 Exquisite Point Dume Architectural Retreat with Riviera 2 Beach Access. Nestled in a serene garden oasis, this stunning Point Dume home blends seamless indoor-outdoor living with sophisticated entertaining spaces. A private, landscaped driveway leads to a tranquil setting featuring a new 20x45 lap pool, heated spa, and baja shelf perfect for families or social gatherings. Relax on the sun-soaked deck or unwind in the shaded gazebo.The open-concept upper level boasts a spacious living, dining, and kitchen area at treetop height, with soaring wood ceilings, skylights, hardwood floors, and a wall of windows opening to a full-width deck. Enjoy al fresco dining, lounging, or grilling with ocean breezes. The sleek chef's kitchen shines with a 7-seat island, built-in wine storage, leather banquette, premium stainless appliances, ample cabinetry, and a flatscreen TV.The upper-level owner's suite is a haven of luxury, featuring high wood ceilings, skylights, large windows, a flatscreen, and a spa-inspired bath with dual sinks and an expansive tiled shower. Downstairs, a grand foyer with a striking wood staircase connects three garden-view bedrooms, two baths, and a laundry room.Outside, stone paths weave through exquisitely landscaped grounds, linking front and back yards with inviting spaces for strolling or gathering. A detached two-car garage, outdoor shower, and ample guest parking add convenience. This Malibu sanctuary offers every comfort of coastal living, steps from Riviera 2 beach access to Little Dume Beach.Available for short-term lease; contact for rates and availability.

--

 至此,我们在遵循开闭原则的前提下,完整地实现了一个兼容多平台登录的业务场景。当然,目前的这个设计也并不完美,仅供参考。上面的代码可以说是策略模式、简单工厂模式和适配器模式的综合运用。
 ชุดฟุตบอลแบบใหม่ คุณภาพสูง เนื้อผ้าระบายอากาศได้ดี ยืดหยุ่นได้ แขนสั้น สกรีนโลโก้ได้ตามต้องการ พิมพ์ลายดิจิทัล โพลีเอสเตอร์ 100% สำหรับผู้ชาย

• [Exercise objective]
Copy verbatim, from the listing above, each line from the one containing "至此,我们在遵循开闭原则的前" down to the one containing "ชุดฟุตบอลแบบใหม่ คุณภาพสูง เนื้อผ้าระบายอากาศได้ดี", inclusive.

• [Response for this exercise]
 至此,我们在遵循开闭原则的前提下,完整地实现了一个兼容多平台登录的业务场景。当然,目前的这个设计也并不完美,仅供参考。上面的代码可以说是策略模式、简单工厂模式和适配器模式的综合运用。
 ชุดฟุตบอลแบบใหม่ คุณภาพสูง เนื้อผ้าระบายอากาศได้ดี ยืดหยุ่นได้ แขนสั้น สกรีนโลโก้ได้ตามต้องการ พิมพ์ลายดิจิทัล โพลีเอสเตอร์ 100% สำหรับผู้ชาย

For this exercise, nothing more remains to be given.